Keyifli okumalar. 🥰
(Yazardan)
Birkaç kez koluna dokunduğu kızdan ses gelmeyince gözlerini zar zor açtı. Dün gece Hande'nin isteği üzerine onunla kalmış ve kendi evine gitmemişti Zehra. İyi ki böyle yaptım, dedi içinden. Burnunda onun kokusu, teninde teninin sıcaklığı ve izleriyle uyumak masalsı denecek kadar iyi hissettirmişti. Bu his yanında uyuyan kızda da mevcuttu.
Enerjisi tükendiği için uyku hali devam ediyordu. Karınlarını doyurmaları lazımdı, ikisi de normal öğün saatlerini geçmişti.
Uykulu bir mırıltıyla "Hande," diye seslendi. İkisinin de saçları dağınık, dudakları biraz şiş duruyordu. Çenesini Hande'nin sırtına yasladı Zehra, Hande şu an yüzüstü uzanıyordu. Ellerini yastığın altına yerleştirmişti, gözleri kapalıydı. Uyumuyordu ancak tekrar uykuya dalması an meselesiydi.
"Hey!" dedi Zehra. Çenesini bir anlığına Hande'nin teninden kaldırıp tam o noktayı öptü. Çenesini geri koydu. Sakin gülüşü, çekik gözlü kızın da yüzünü güldürdü. Gözlerini açtı. Sırtında hissettiği çene ve usul usul çıplak tenini dolaşan parmaklar adeta ruhunu okşuyordu.
"Açlıktan enerjim eksilere indi. Bir şeyler yiyelim."
Pis pis sırıttı Hande. "O sadece açlıktan değildir yavrum. Efor sarf ettik."
İma ettiği şeyi anlamak zor değildi. Utangaç ve bir o kadar da keyifli bir sırıtışla ona baktı Zehra. Hande'nin halinden çok memnun halleri gözden kaçacak türden değildi.
"Eserinle gurur duyuyorsundur," dedi Zehra. Yüzünü yastıktan birkaç santim kaldırdı Hande. Dudaklarını büzer gibi öne çıkarıp Zehra'yı öpmek için harekete geçti. Zehra hemen dudaklarını birleştirip kısa ama tutkulu bir öpücükle tamamlamış oldu.
Ardından bir öpücük daha...
"İmalar yapan sizsiniz hanımefendi," deyip göz kırptı. Nazik ve sevgi dolu dokunuşların tadını çıkarıyordu.
Karnı guruldayınca utanarak gözlerini kapattı. Zehra'nın gülüşlerini yanıtsız bırakamayıp kendisi de gülmeye başladı. Yatakta sırtüstü döndü. Başını Zehra'nın boyun girintisine yasladı.

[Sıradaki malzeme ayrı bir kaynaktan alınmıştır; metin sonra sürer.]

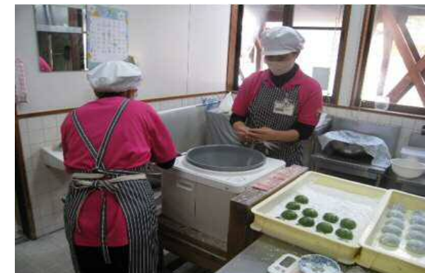
人気加工品「草だんご」作り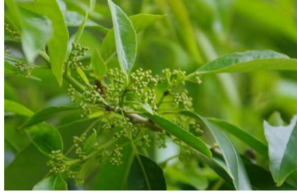
ムクノキ:葉の表に短い剛毛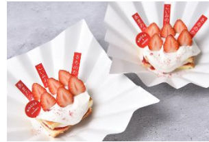
<ROCCA&FRIENDS> 食べ比べいちごの とろけるティラミス

いちご飴に最適な、酸味を抑え甘さが際立つのが特徴の『とちあいか』を使用した専門店のいちご飴。賞味期限30分の出来たていちご飴をご提供します。最初のひと口がカリッとし、中のいちご果汁がジュワッと広がるこだわりのいちご飴。

"Kahvaltımızı nerede yapalım?" diye sordu.
"Bilmem. Aklımda bir yer yok."
Eliyle telefonunu yokladı Zehra. En son salonda bıraktığı çantanın içinde olduğunu hatırladı.

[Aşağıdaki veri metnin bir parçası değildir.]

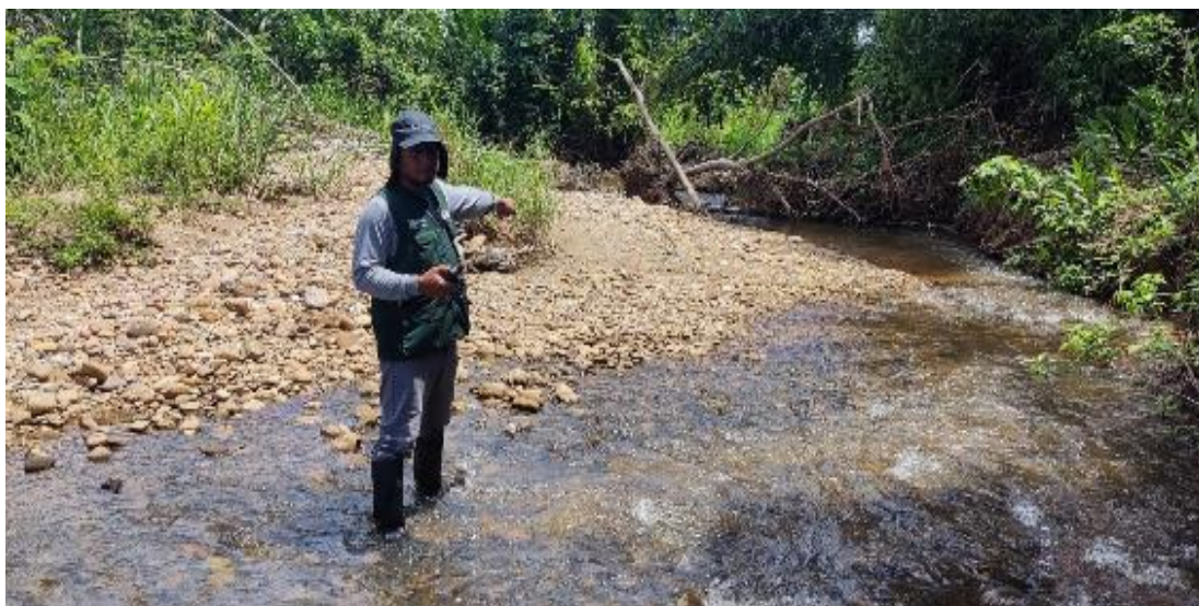
FIGURA N°02: TRAMO DEL RIO NEGRO COLMATADO, AFECTANDO SEMBRIOS DE PLATANO, CACAO, PAPAYA

"Arayanlar olmuştur. Saat kaç onu da bilmiyoruz."
"Aman boş ver. İki keyif yapalım dedik, burnumuzdan gelmesin."
Gülmekten çenesinin ağrımaya başladığını hissetti Zehra. Bunda Hande'nin payı çok büyüktü. Başını çevirip yüzüne doğru baktı. Gülüşünü bastırmak için birkaç saniye bekledi.
"Keyif yaptık canım," dedi manalı bakışlarıyla. Hande ise sanki konudan kopmuş, sadece onun varlığına kapılmış gibi dolu dolu gözlerle yüzünü izliyordu.
Yavaşça yatakta doğruldu. Sırtını geriye doğru yasladı. İşaret parmağıyla yüzüne düşen saçları geriye doğru itti. Eğilip alnından öptü. Gözlerini cama çevirdi. Günler sonra İstanbul'da güneş görmek ikisine de iyi hissettirecekti.
"Nihayet güneşli bir havaya uyandık," dedi Zehra sakin bir tavırla.
"Evet, en son böyle çıplak uyandığımızda gök yere iniyordu."